On public and any weekend holidays, plan for a lot of time to get anywhere, as the city will be very congested. Normal traffic rules may be abandoned, as roads near the central fireworks display, for example, turn into impromptu parking lots.
January 1 – New Year – see Bank Holidays
January 7 – Christmas – see Bank Holidays
January 14 – “Old New Year” marks the new year for the Orthodox, according to the Julian calendar. It is generally celebrated by religious and non-religious Russians alike, although the parties are smaller than on January 1st and gifts are not exchanged. “Old New Year” typically marks the end of the winter holiday season.

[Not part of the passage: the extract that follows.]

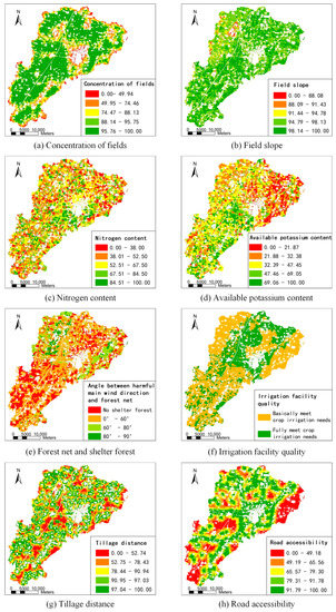 Spatial data of the main influencing factors in Xun County: (a) concentration of fields, (b) field slope, (c) nitrogen content, (d) available potassium content, (e) net forest and shelter forest, (f) irrigation facility quality, (g) tillage distance, and (h) road accessibility.

February 14 – “Valentine’s Day” is not a traditional Russian holiday, but Russians are never ones to reject a holiday! It is now becoming far more accepted and is often celebrated, especially by young people. Typically, cards are given. Some of the older generation may be a bit confused about this holiday and cards or small gifts are often given not just to sweethearts.
February 23 – Day of the Defender of the Fatherland – see Bank Holidays
March 8 – International Women’s Day – see Bank Holidays
February-April – “Maslenitza” is that last week before Lent, or the 7th week before Orthodox Easter. Its exact dates shift with the Orthodox Easter. Its history is also connected to ancient Slavic paganism, in which it marks the end of winter. Menus throughout the city become much more extensive as restaurants struggle to cater for religious people who are fasting by not eating meat, fish and dairy. Needless to say this is a good time to be a vegetarian in Moscow. Non-religious Russians will also honor this holiday by eating lots of traditional blini, thin pancakes resembling a slightly more buttery French crepe.
April 12 – “Day of the Cosmonaut” commemorates the first time man entered space, which took place in 1961 when Yuri Gagarin of the Soviet Space program completed an entire orbit around earth.
April-May – “Easter” falls on a different day every year, depending on the Julian calendar, the lunar cycle, and Jewish passover. It can either fall on the same Sunday as Western Easter, or can occur one week, four weeks, or five weeks after. Orthodox Easter is celebrated by the religious with all-night religious services. Most Russians, even the non-religious, decorate eggs that are dyed red or decorated with images of religious icons. The typical Easter cake is a yeast-based sweat bread with bits of candies fruit. Both eggs and cakes are often taken to the church to be blessed, and blessed water may also be purchased at churches for Easter.
May 1 – Spring and Labor Day – see Bank Holidays
May 9 – Victory Day – see Bank Holidays
June 12 – Russia Day – see Bank Holidays
1st Sunday in September – “City Day” of Moscow was first celebrated in 1947 to mark the 800-year anniversary of Moscow’s foundation. On this day, almost every region of the city sets up celebrations on local squares. You may be awakened by loud music as children and local singers perform on small stages set up in parks or even parking lots. It is tradition for the city government to pass out free kasha – a buckwheat-based oatmeal – to people across town. At night, there will be huge fireworks displays.
November 4 – People’s Unity Day – see Bank Holidays
December 12 – “Day of the Constitution” was an official public holiday as recently as 2004, but is no longer marked by a day off. It commemorates the day in 1993 when the Constitution of the Russian Federation was accepted by public referendum.